On a like-for-like basis, even taking into account the carbon cost of water production, evaporative cooling is still significantly more efficient than traditional cooling systems.
Wind in your hair
While the biggest energy consuming components of a refrigerant based CRAC unit are the compressors (which usually can’t be improved upon without great expense), the second most power-hungry parts are usually the CRAC fans themselves which circulate the air around the data floor.
Traditionally, and certainly on older CRACs, these fans work at just one speed, regardless of the level of cooling required. Not only does the CRAC fan work at 100% speed regardless of the heat load (thus drawing the maximum amount of power all the time) it also generates heat itself, which also needs to be cooled.

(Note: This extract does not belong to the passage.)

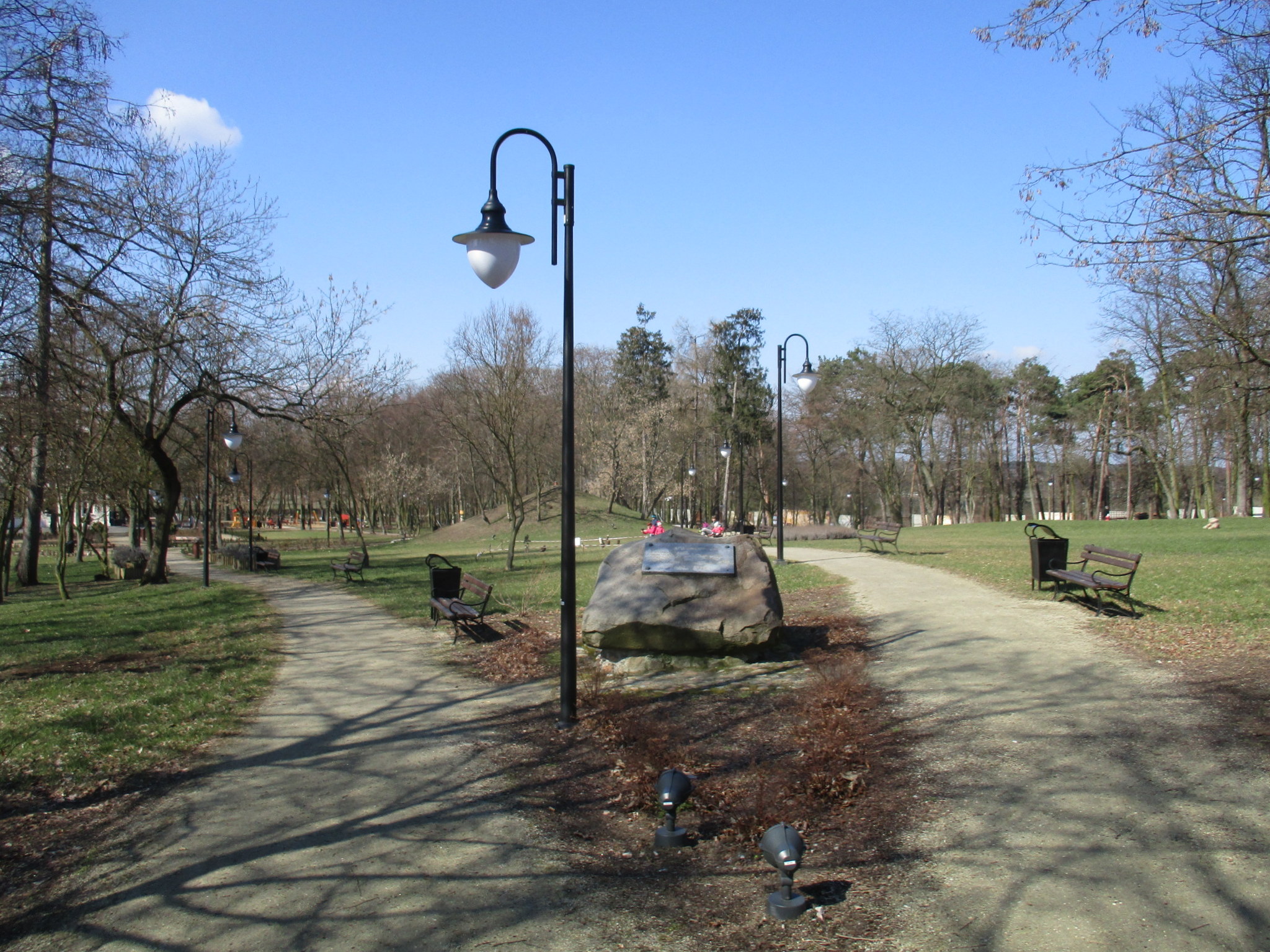 Obelisk z tablicą "M. Konopnicka. W kamieniu polnym... Niech mi kamieniarz lireczkę wyryje, a niechaj na nim napisu nie kładzie, i niech go w rzędzie nie stawia ni w składzie, tylko w zakątku gdzie brzoza szum niesie. 1862-1962".

This particular issue can be solved relatively cheaply by installing variable speed fans. This may seem simple enough to do, but qualified AC engineers are still required, as the control system of the CRAC needs to be updated to control the speed in relation the amount of cooling required.
Plugging the gaps
Even cheaper quick wins include methods of reducing cold air leakage. If you open your fridge at home, the compressor keeping the food cool has to work extra hard as all the cold air is spilling out into the warmer ambient air of the kitchen. The same is true of cold air in a cold aisle and any gaps that lead into the hot aisle. If the cold air isn’t being directed through hardware, it’s being wasted.
Brush grommets, which insulate the hole in which power and data cables enter a rack, are one good way of reducing leakage, as are blanking plates that can be fitted above and below servers to help prevent air seeping out. Installing grommets, adding blanking plates and expanding foam strips between racks resulted in a 5-6% jump in efficiency across the 4D-DC data floor.
Some bright ideas
Not many people know that you can buy LED tube lighting that (with a minor modification) will fit into the old-style fluorescent light fittings. The light quality is excellent and even though per unit they’re more expensive in the short run, they use half the amount of electricity to run and generate half the amount of heat, meaning less work for your CRACs!
Combined with Passive Infrared (PIR) activated lighting, these two changes alone can both reduce your carbon footprint and provide you with a return on investment in under 2 years. At 4D-DC we have 148 lightbulbs to deal with and by making this change we halved the cost of lighting and reduced the heat load created.
So whether you operate a data centre yourself, or your business is making the move towards cloud and colocation and reducing you carbon footprint is a priority for you, think carefully. Selecting the right partner and tools for the job can stop you getting hot under the collar.